I must be the oddball, but I just hold the bar.


----------



## Philbert (Nov 16, 2017)

IMHO the most important factors for good filing include: a sharp file, good lighting, and a stable bar/chain.

Dull files just make things difficult; they are a consumable, and a cutting tool, and should be treated as such (both parts);
Good lighting lets you see what you are doing, what still needs to be done, and if you have a good edge;
A stable bar/chain means that you are not 'fighting' or compensating for a moving cutter and can get good, clean, accurate strokes. A vise lets you use both hands to guide the file, whether you 'freehand' or use a file guide.

If you can hold the bar steady enough to meet your needs, then that is an acceptable way for you. I have seen guys press the bar down into a log, or onto a rag, etc. to stabilize it, or hold it up against their shoulder (like playing a stringed instrument). But these sometimes require awkward postures. A simple vise lets me position myself independently of the clamping posture, and focus on the filing.

Philbert


----------



## turnkey4099 (Nov 16, 2017)

My question is why do it? When I first started in 1977 I did file in the field. Then I found it was much faster to carry extra chains, change them as needed, then sharpen at my convenience back at the shop. My toolbox now holds a minimum of 2 spare chains, all sharp, for each size of bar.


----------



## dave_dj1 (Nov 16, 2017)

I've never owned more than one chain until now, I just bought new chains for both saws, wish I had bought more of them at the price he made them for me. I suppose the truth of the matter is I like a good sharp chain and can give it a quick once over at the landing. I try to process my wood in the woods so when I load it it's all split. If I was just felling I might do it differently.


----------



## Ted Jenkins (Nov 16, 2017)

Philbert I am sure that you are allergic to files. For me sharpening chains anywhere but in the field does not seem to be an option. A typical day will be to sharpen any where from three to six times a day.

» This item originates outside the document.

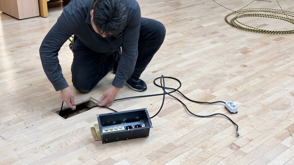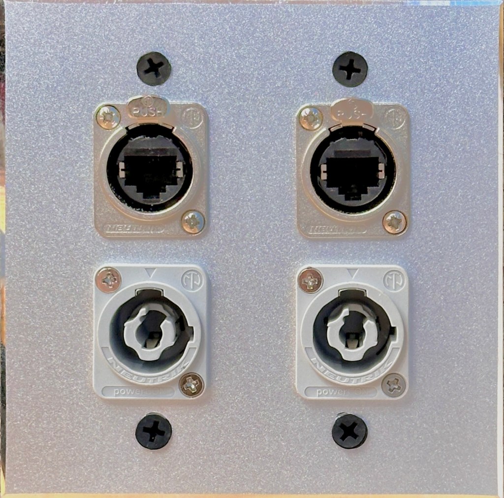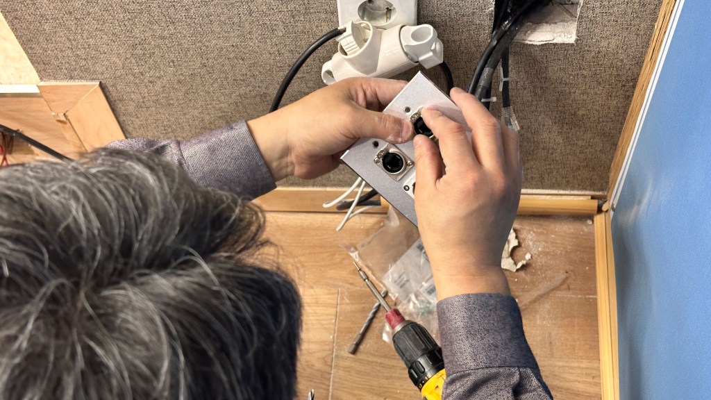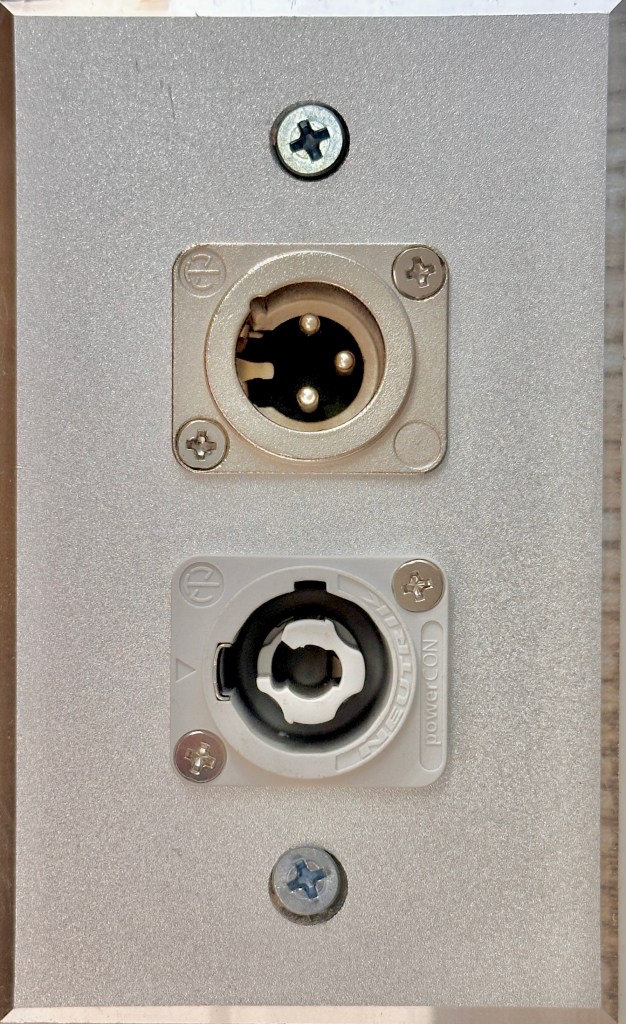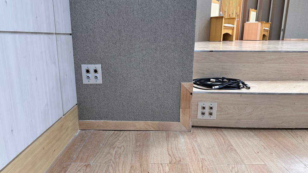 그 외에 강단 위에 컬럼 어레이 스피커를 설치할 경우가 있어 벽에 컬럼 어레이 스피커 연결을 위한 오디오 단자와 전원 연결용 파워콘을 만들어 드렸습니다.

At ten to twenty days in the field machine sharpening could not work unless I use my 110 volt generator. Not wanting to haul anything, but essentials so I do not. After many years of cutting a slot in a log and trying to file with the log holding the bar while hand filing. That said a vice is a essential to do a decent file job. With or with out a guide plus it is much safer to eliminate cut knuckles. I have made several vices using C clamps. A few weeks ago I made a couple vices with some 5/8'' leaf springs. One with a 1/2 lag and the other with a 3/4 lag for wood that is a little punky. They work much better than any C clamp I used in that they are more stable less bulky and easier to get screwed in to the wood. Thanks


----------



## Philbert (Nov 16, 2017)

Ted Jenkins said:


> I have made several vices using C clamps. A few weeks ago I made a couple vices with some 5/8'' leaf springs. One with a 1/2 lag and the other with a 3/4 lag for wood that is a little punky.


Ted,

Please post some photos? Love to see them, and I'm sure others would as well. That's the point of this thread. 



Ted Jenkins said:


> Philbert I am sure that you are allergic to files.



Not allergic. I do work with different groups, which have different cultures regarding sharpening. 

My personal preference is to have at least 3 chains per saw, swap them out, then sharpen in a batch, back home on a grinder. 

Sometimes I may 'touch up' in the field, with a file and file guide, which means that I have to _'grind as I file, and file as I grind_'. 

When I file, I like a sharp file, and a stable bar and chain, as noted. 

Philbert


----------



## super3 (Nov 17, 2017)

This works for me.


----------



## TimberWolf530 (Nov 17, 2017)

I leave the 1st stump at the height I want to make a bench. Attach my stump vice, and use it until I'm done, then cut the stump off last.


----------